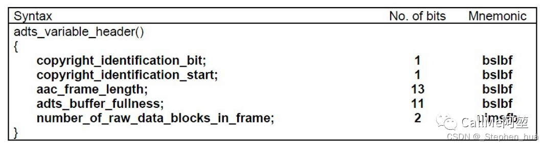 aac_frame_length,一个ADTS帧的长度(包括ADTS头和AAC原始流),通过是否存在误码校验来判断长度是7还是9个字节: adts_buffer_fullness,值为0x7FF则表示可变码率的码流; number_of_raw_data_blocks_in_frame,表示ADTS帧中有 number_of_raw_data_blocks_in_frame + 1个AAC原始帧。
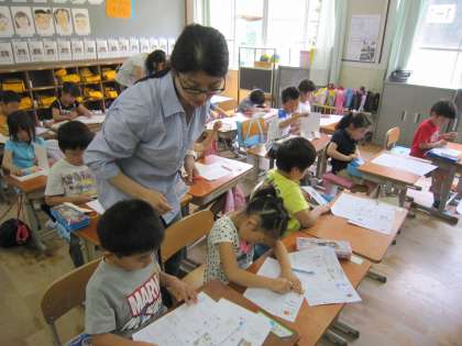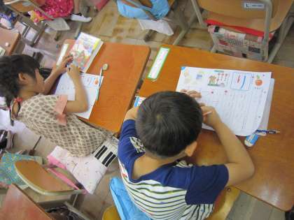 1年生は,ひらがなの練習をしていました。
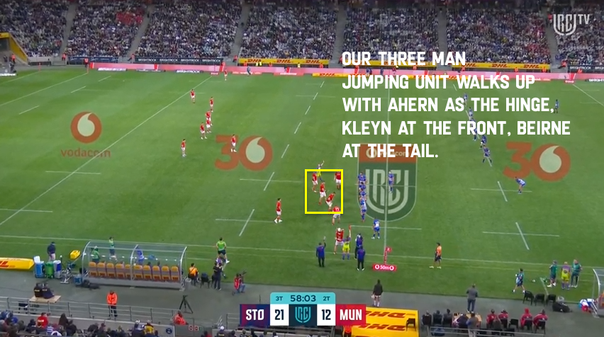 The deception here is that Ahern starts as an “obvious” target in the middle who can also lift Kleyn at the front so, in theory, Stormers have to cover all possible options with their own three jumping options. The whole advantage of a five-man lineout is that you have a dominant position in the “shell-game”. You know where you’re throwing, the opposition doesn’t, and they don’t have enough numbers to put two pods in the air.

## Your goal
Where a line contains "1年生は,ひらがなの練習をしていました。", begin there and set down exactly each line through the end of the data above, omitting any pictures.

## Result of this task
 1年生は,ひらがなの練習をしていました。
 The deception here is that Ahern starts as an “obvious” target in the middle who can also lift Kleyn at the front so, in theory, Stormers have to cover all possible options with their own three jumping options. The whole advantage of a five-man lineout is that you have a dominant position in the “shell-game”. You know where you’re throwing, the opposition doesn’t, and they don’t have enough numbers to put two pods in the air.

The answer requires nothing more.